In early 2009, she gave up and returned to Cincinnati, where her father Don is a dealer in mid-century and contemporary furniture. And she looked for work. Fortunately, she found a non-profit program — Public Allies, which was established in 1992 and has an active Cincinnati presence — that seeks to train the young leaders of tomorrow in civic participation by giving them experience with non-profits today.

She was assigned to an arts non-profit, Clifton Cultural Arts Center, which shares the cost of her $1,000 monthly stipend (for 10 months) with Public Allies (www.publicallies.org), which receives money from the federal Americorps program. And CCAC Executive Director Ruth Dickey gave Deters a rare and wonderful opportunity in leadership: curating an art show.

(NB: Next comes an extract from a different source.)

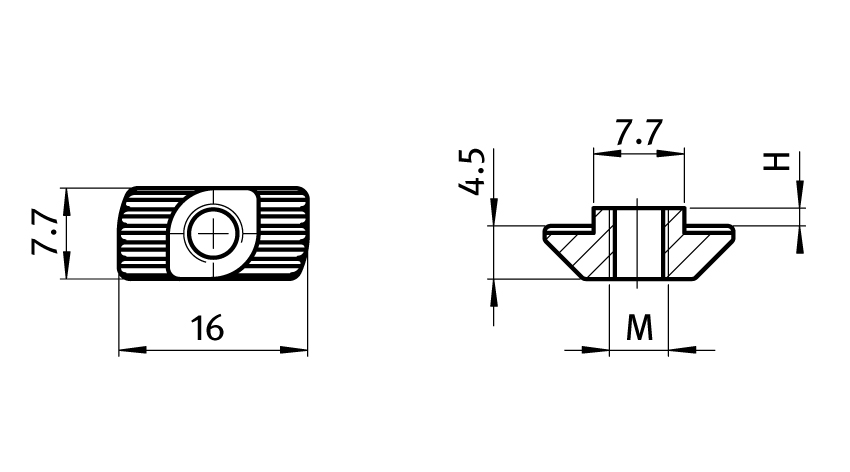 Hammermutter Nut 8 mit Drehhilfe, Stehhöhe 3,0mm, M5

Deters decided to base it on what she knew: the frustrations of the recession for artists.

“I felt it was in the air,” says Deters, 25. “It was in my struggle, my friends’ and fellow graduates’. It was on the news and everywhere I turned. I thought this would be a good outlet for people.”

She put out a call for artists and evaluated the submissions, selecting about a dozen and focusing on locals but also including some from outside Cincinnati. The result, Short Straw, opened last Saturday and is up through April 30 at CCAC on Clifton Avenue. (For further information, visit www.cliftonculturalarts.org.)

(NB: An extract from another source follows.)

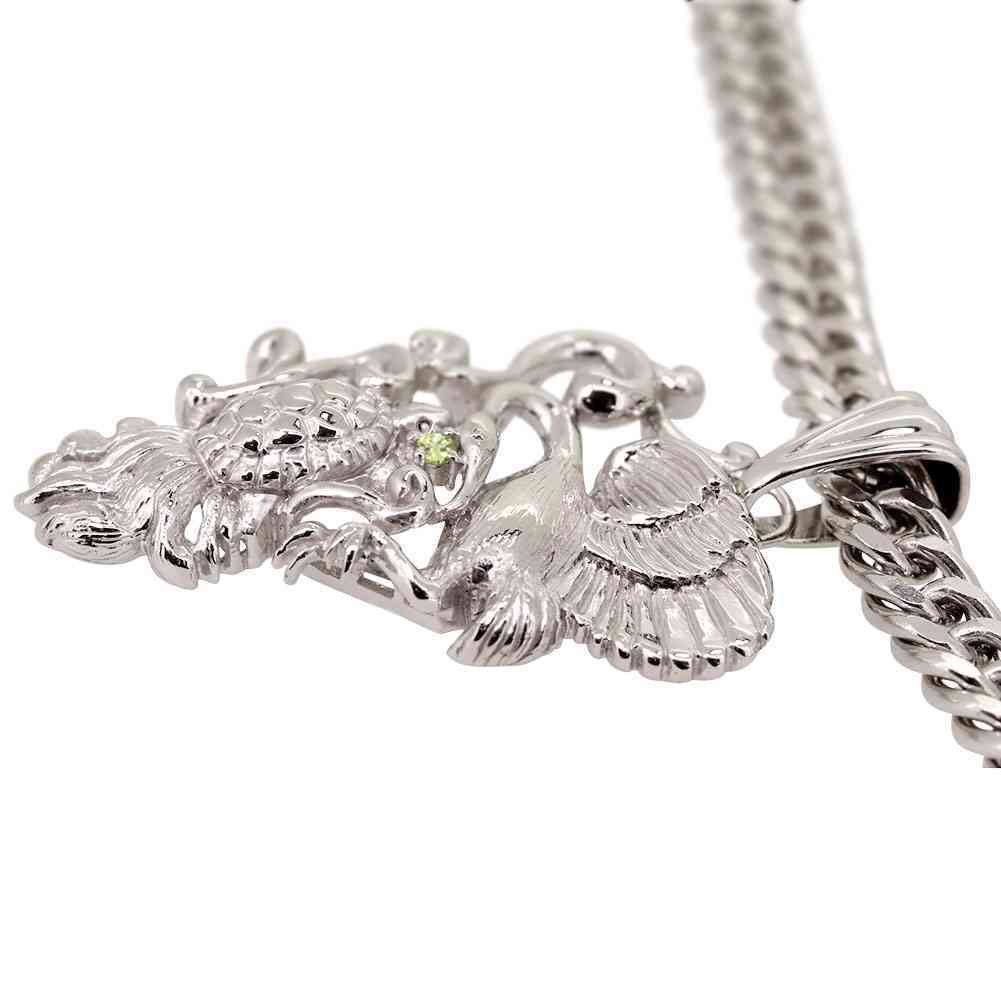 8月誕生石ペリドットを使用したプラチナ製の、鶴と亀モチーフのメンズペンダントヘッドです。

It is touching to see how much heart, soul and intelligence — and talent — the artists have put into this task. It’s also a reminder how hard the last few years have been on up-and-coming artists. Some have approached it with dark humor, others with cool conceptual analysis. Some manage to combine both: Justin Kemp, who received an MFA from University of Massachusetts, has his actual diploma suspended by wire from the ceiling. it’s folded into a paper airplane.

Stacy Searcy, a Cincinnatian who graduated from the School of the Art Institute of Chicago — and has been without a full-time job since January of last year — has taken the photographs she made of the sky, cut them up and then sewn them back together. Besides their newfound beauty, they form a statement about her resolve to stay creative despite hardships.

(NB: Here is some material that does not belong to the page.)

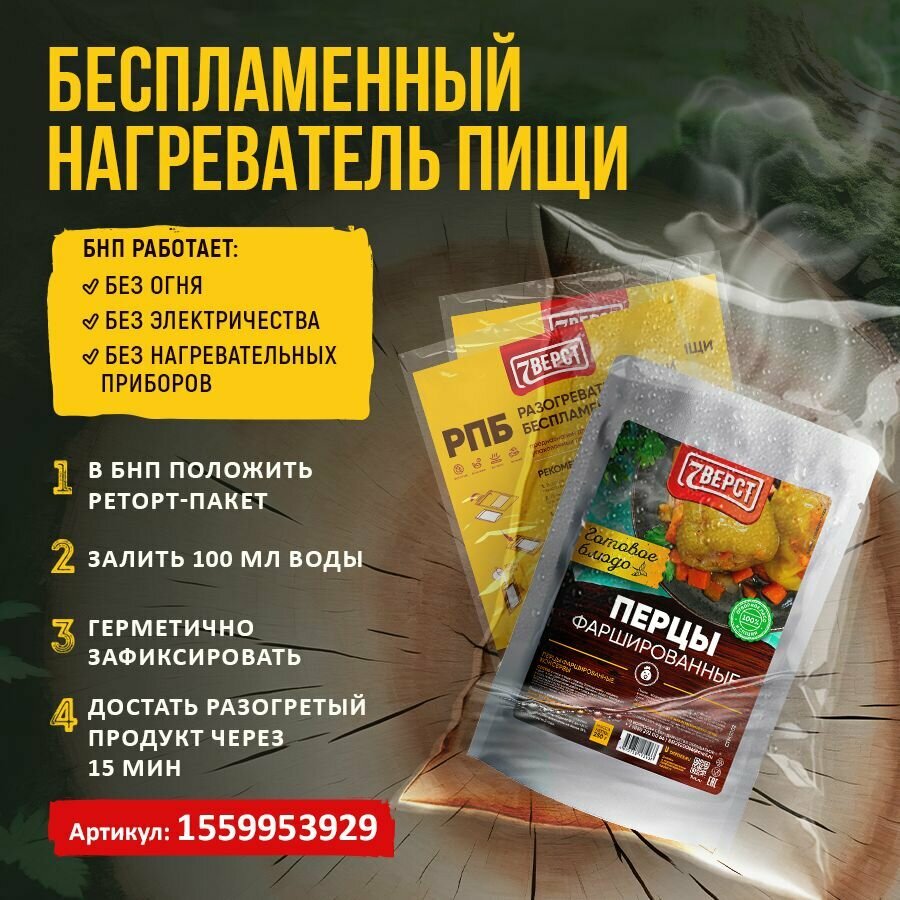 7 вёрст Перцы фаршированные. Готовое блюдо в реторт-пакете для охоты, рыбалки, в поход Набор 15 шт. по 250 г

Leif Fairfield of Cincinnati revived an old idea — grow your own — to get through this recession. The artist’s “war garden” pieces include his elaborately written and designed gardening plans on Chinese calligraphy paper and found paper. And Olivia Hamilton, in “Depression/recession,” pays tribute to her recently deceased grandmother’s frugality during the Great Depression by combining some of her old, well-worn kitchen implements with photographs of her.

“Blood, Debt and Fears” consists of the evocatively monochromatic sketches of life in a plasma center by Nathan Turner, who studied sculpture at the Art Academy. He goes there weekly to sell blood … and draw.

“People there said, ‘These are beautiful sketches, he should do it for a living,’ ” Deters says. “(Turner) said, ‘I’m trying to do it for a living.’ ”


CONTACT STEVEN ROSEN: [email protected]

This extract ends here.